Пока я был малыш, бабушка нянчилась со мной целыми днями. Папа уверял, что она купала меня в раковине, а ногти на руках и ногах обкусывала зубами, потому что боялась поранить ножницами. Потом, когда я стал мыться в ванне и узнал про пенис, мошонку и всякое такое, я попросил ее выходить из комнаты. «Это еще почему?» — «Я стесняюсь». — «Стесняешься? Меня?» Мне не хотелось ее обижать, потому что не обижать ее — еще один из моих raisonsd'etre. «Вообще стесняюсь», — сказал я. Она положила руки на живот и сказала: «Меня? » Она согласилась оставаться снаружи, но лишь при условии, что у меня в руках будет клубок шерсти и чтобы его нить уходила под дверь ванной и соединялась с шарфом, который она вязала. Каждые несколько секунд она подергивала за нить, и я должен был тут же тянуть обратно, распуская ее последнюю петлю и тем подтверждая, что я в порядке.

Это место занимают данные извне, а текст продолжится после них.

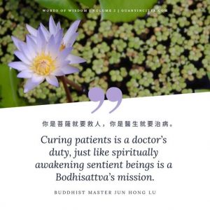 Words of Wisdom | A Bodhisattva’s Mission Published on October 21, 2020 Curing patients is a doctor’s duty, just like spiritually awakening sentient beings is a Bodhisattva’s mission. 你是菩萨就要救人, 你是医生就要治病。 – Master Jun Hong Lu, Words of Wisdom Volume 2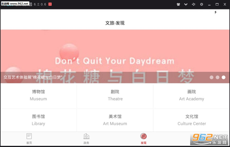 发现版块主要包括轮播推荐、文化场馆、文化圈子、读物、名家、雅集、艺见、非遗、新文创等栏目,着力打造专业的业内信息服务平台。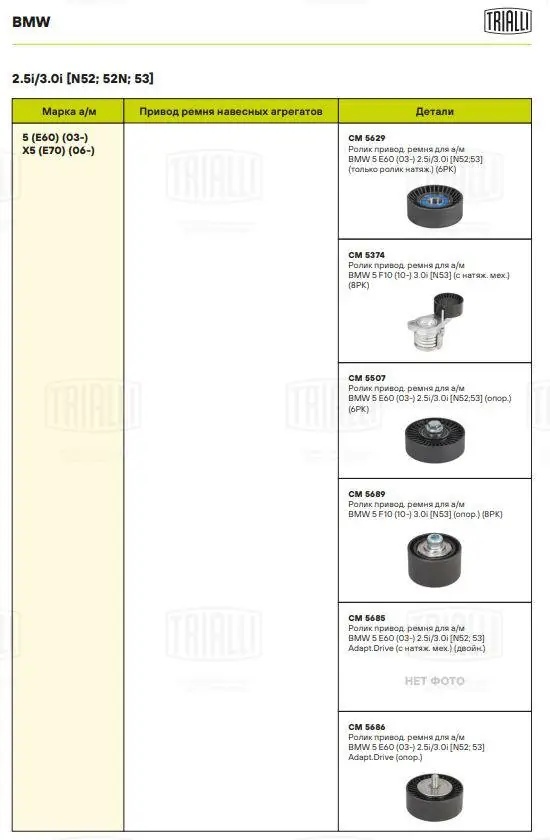 CM5629 TRIALLI Ролик привод. ремня BMW 5 E60 (03-) 2.5i/3.0i [N52;53] (только ролик натяж.) (6P

Однажды меня оставили с ней, когда мне было четыре, и она гонялась за мной по квартире, типа как чудовище, и я рассек верхнюю губу об угол журнального столика, и пришлось ехать в больницу. Бабушка верит в Бога, но не верит в такси, поэтому я залил кровью рубашку, пока мы были в автобусе. Папа сказал, что у нее после этого были запредельно тяжелые гири на сердце, хотя мне наложили всего два шва, и что она сто раз ему повторила: «Это все из-за меня. Не оставляй его больше со мной». Когда мы снова с ней увиделись, она сказала: «Видишь, я изображала чудовище — и стала чудовищем».
После папиной смерти бабушка пробыла у нас всю неделю, потому что мама ходила по Манхэттену, расклеивая объявления. Мы с ней устроили чемпионат по борьбе на пальцах из тысячи схваток, и в каждой я победил, даже когда не старался. Мы смотрели документальные фильмы, одобренные для моего возраста, и пекли виганские кексы, и ходили гулять в парк. Однажды я от нее убежал и спрятался. Мне нравилось, когда меня ищут, кричат, зовут. «Оскар! Оскар!» А может, и не нравилось — просто вдруг захотелось.
Я шел за ней по пятам и видел, что она запредельно напрягается. «Оскар!» Она плакала и на все опиралась, но я не откликался: мне казалось, что то, как мы потом с ней вместе расколемся, все оправдает. Я смотрел, как она идет к дому, где, конечно, усядется на ступеньки у входа и будет ждать возвращения мамы. Ей придется сказать маме, что я пропал и что она за мной не уследила, и это навсегда, и нет больше Шеллов. Я ее обогнал, промчавшись вниз по Восемьдесят второй улице и вверх по Восемьдесят третьей, и когда она подошла к дому, выскочил из-за двери. «А пиццу я не заказывал!» — сказал я, расколовшись так, что у меня чуть шея от смеха не треснула.
Она начала что-то говорить, но потом осеклась. Стэн взял ее за руку и сказал: «Бабушке сейчас лучше присесть». Она сказала: «Не трогай меня» таким голосом, которого я никогда от нее не слышал. Потом она повернулась и пошла через дорогу к себе домой. В тот вечер я посмотрел в бинокль на ее окна, и там была записка со словами: «Не уходи».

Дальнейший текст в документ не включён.